Riprendiamo i tuk tuk e attraversiamo Battambang per raggiungere le rive del fiume Sangker. La città di giorno si dimostra viva. Incrociamo un sacco di studenti in divisa, anche se mi rendo conto di quanta umile gente viva qui.

La giornata era cominciata abbastanza nuvolosa, ma appena raggiungiamo il fiume, il cielo si apre e il sole arriva a scaldarci. Saliamo su una barca a due piani che può portare una sessantina di persone, ma che per oggi è riservata solo per noi. La discesa lungo il fiume procede lenta e ne approfittiamo per prendere un po’ il sole. Lungo la discesa incrociamo altre barche più piccole, caratterizzate da un pescaggio basso e spesso una piccola copertura per ripararsi dal sole. Lungo le rive vediamo molte case di pescatori e piccole zone di pesca costruite nell’acqua. I pescatori avvolgono queste zone costituite da rami immersi nel fiume con delle reti e poi vi si immergono per catturare i pesci (a volte a mani nude… che pazienza).

Il sole è forte, ma non lo sento colpirmi grazie all’arietta che tira sulla barca. In poco mi addormento.

Ad un certo punto il capitano della barca sbaglia una manovra e finisce dentro negli arbusti che lambiscono le rive. Non ci fermiamo, ma dalle piante cadono a bordo una moltitudine di formiche rosse grosse come una falangetta, che iniziano a morderci. Il secondo piano della barca è quasi completamente compromesso e ci rifugiamo al piano di sotto. Da questo momento in poi la barca inizierà a sbandare continuamente ad ogni ansa del fiume. Scopriremo solo poi che hanno avuto un problema meccanico che ci costringe ad affrontare tutte le curve in derapata. Urtiamo gli arbusti sulle rive innumerevoli volte e ci tireremo a bordo altri insetti come ragni o cavallette, finiamo incagliati un paio di volte, e raggiungiamo il top dell’avventura action quando prendiamo dentro nella casa/trabucco di una famiglia di pescatori. La moglie esce disperata in lacrime con figlio in braccio, mentre barcaiolo e pescatore si accertano (sommariamente) dei danni. Sembra fosse tutto ok, perché poi ripartiamo (o fuggiamo).

Proseguendo nella discesa il fiume si fa mano a mano più stretto e questo rendeva le manovre sempre più difficili. Passiamo in un punto del fiume in cui è ricoperto completamente di piante galleggianti. Sembrava di navigare in un prato, tanto che per un istante il barcaiolo sbaglia strada. Insomma, per un paio di ore abbiamo vissuto l’avventura.
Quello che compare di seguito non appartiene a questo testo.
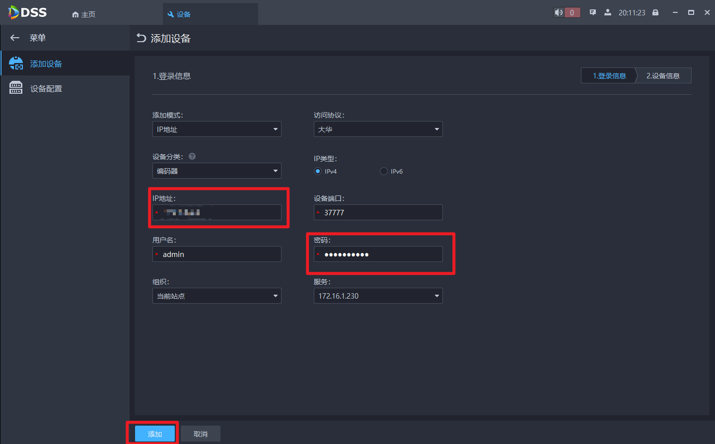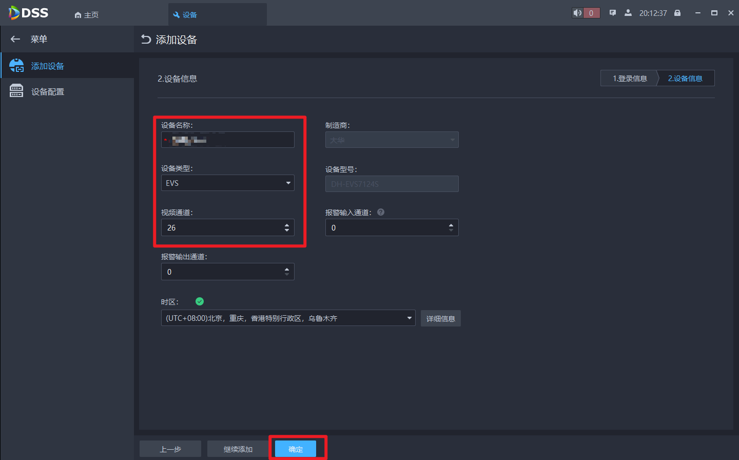 设备类型,通道数已通过SDK自动获取,输入设备名称,点确定即可完成添加设备

Il fiume si è poi allargato e passiamo per diversi villaggi sull’acqua. Vediamo palafitte, case galleggianti, tutto costruito in legno ma, man mano che discendiamo, anche qualche rara costruzione in cemento, fatta per resistere agli innalzamenti del fiume nella stagione monsonica. Cogliamo momenti di vita: famiglie che cucinano, madri che lavano i bambini, danno da mangiare a polli e maiali (si, maiali, allevati su zattere galleggianti). Penso a quanto mi piacerebbe scendere e esplorare quella zona, magari essere ospite di alcune di quelle famiglie e provar a vivere come loro per un paio di giorni. Una esperienza simile a quella che avevo fatto a Panauti in Nepal.

Intanto il fiume continua ad allargarsi e a ricordami il mio Po. La navigazione più serena in questo tratto mi porta ad appisolarmi di nuovo. Mi risveglio che stiamo attraversando l’ultimo grande villaggio prima di immetterci nel lago Tonle Sap. Mi rendo conto che sto dormendo molto, non so se sia il fuso orario o che sono partito molto stanco (oltre al viaggio che non ha molto aiutato).

Il Tonle Sap è enorme. Non riesco a vederne i confini quando lo raggiungiamo. L’unico punto di riferimento è una montagna solitaria all’orizzonte, che poi è la nostra destinazione. Le acque sono scure e profonde. Navighiamo per almeno due ore prima di raggiungere una insenatura vicina alla montagna solitaria. Il sole sta scendendo e mentre sbarchiamo arriva il tramonto.

Saliamo su un pulmino che ci porta a Siem Reap dove alloggeremo per quattro notti. Vorremmo andare a vedere Pub Street, la zona dei locali dove c’è la movida, per iniziare a farci una idea per Capodanno, ma siamo stanchi tutti quanti. Ceniamo non troppo lontano dall’albergo, in un ristorantino molto street, dove mangio del semplice riso fritto con verdure e provo delle rane fritte.

Dopo cena rientriamo, domani la sveglia sarà prima dell’alba!